## SOURCE MATERIAL
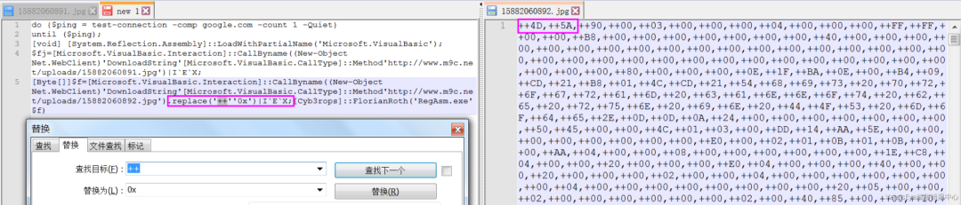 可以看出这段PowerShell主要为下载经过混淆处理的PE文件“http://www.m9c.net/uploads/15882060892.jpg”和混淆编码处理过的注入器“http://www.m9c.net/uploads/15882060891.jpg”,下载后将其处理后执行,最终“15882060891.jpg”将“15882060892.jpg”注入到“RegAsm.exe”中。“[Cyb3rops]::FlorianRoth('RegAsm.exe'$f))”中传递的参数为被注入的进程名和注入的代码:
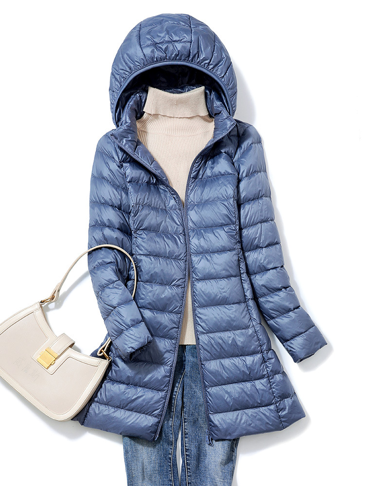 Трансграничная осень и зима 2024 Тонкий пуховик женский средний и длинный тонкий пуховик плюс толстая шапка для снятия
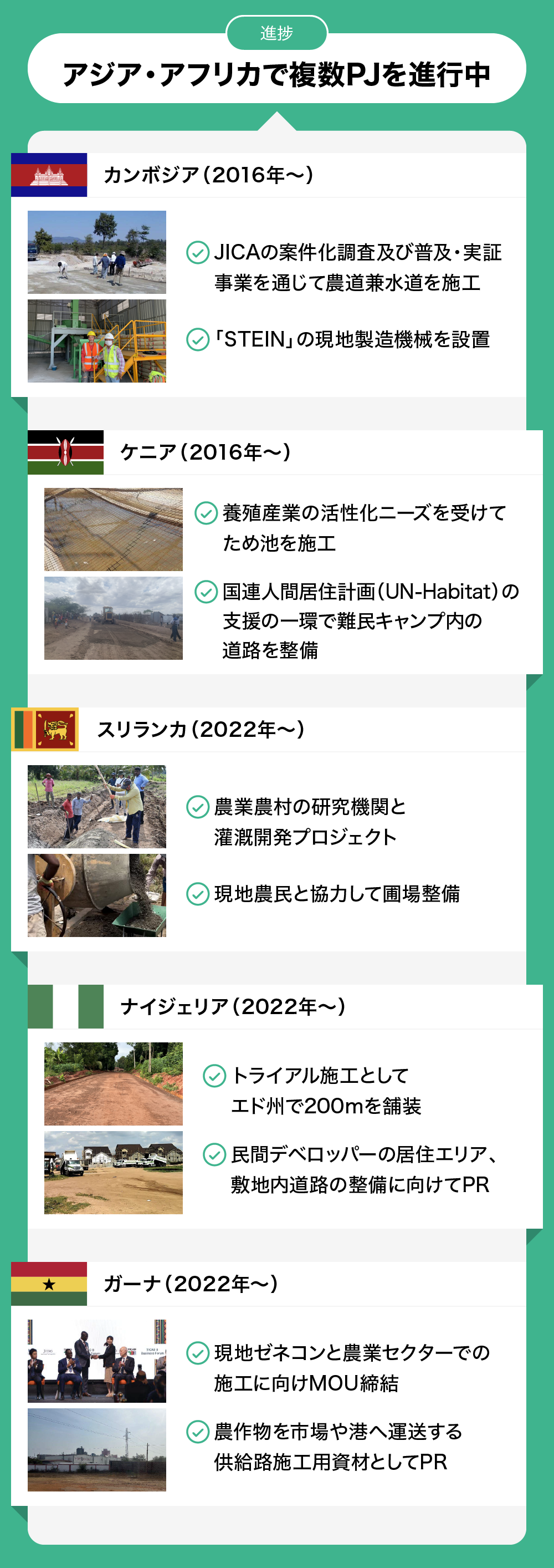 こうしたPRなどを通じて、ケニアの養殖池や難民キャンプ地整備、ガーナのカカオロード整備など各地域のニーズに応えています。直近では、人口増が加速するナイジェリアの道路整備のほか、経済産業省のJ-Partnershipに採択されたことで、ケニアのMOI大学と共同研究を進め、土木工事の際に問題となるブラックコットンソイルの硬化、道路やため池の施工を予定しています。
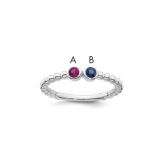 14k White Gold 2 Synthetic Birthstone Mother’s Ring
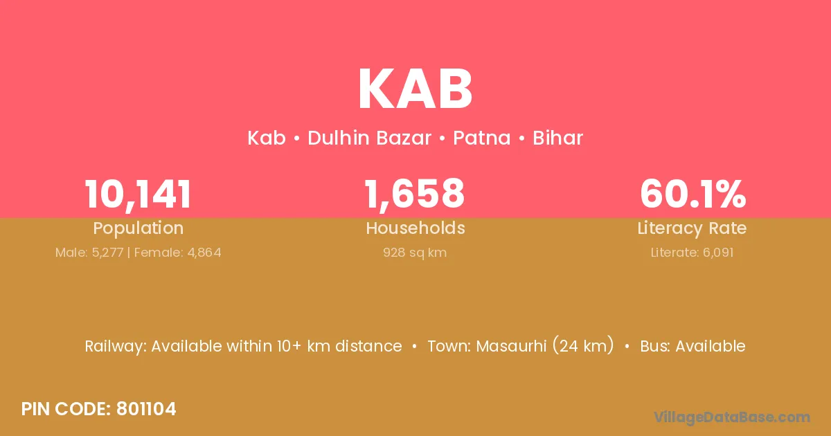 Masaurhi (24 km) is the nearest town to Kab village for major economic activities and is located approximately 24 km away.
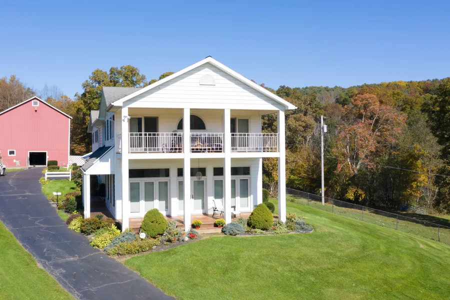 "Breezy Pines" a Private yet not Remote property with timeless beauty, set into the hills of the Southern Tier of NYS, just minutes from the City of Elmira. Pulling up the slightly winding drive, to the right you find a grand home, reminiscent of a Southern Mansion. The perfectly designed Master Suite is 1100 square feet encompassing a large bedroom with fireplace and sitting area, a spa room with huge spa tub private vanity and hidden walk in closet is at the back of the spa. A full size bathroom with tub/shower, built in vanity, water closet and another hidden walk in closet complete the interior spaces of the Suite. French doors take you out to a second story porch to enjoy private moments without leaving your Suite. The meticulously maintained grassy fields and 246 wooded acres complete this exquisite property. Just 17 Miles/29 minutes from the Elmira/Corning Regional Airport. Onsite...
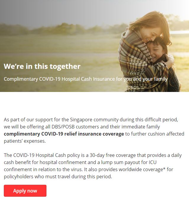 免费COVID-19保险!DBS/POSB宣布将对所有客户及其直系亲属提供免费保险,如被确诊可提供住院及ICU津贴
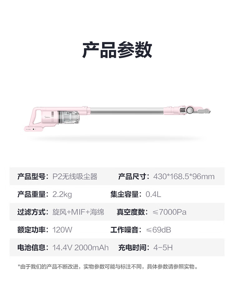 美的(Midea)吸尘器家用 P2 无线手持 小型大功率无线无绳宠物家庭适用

## WHAT IS REQUIRED
Everything from the line with "14k White Gold" down to the line with "Masaurhi (24 km)" in the data above should be copied exactly, with both end lines kept and the pictures left out.

## RESPONSE TO THIS EXERCISE
 14k White Gold 2 Synthetic Birthstone Mother’s Ring
 Masaurhi (24 km) is the nearest town to Kab village for major economic activities and is located approximately 24 km away.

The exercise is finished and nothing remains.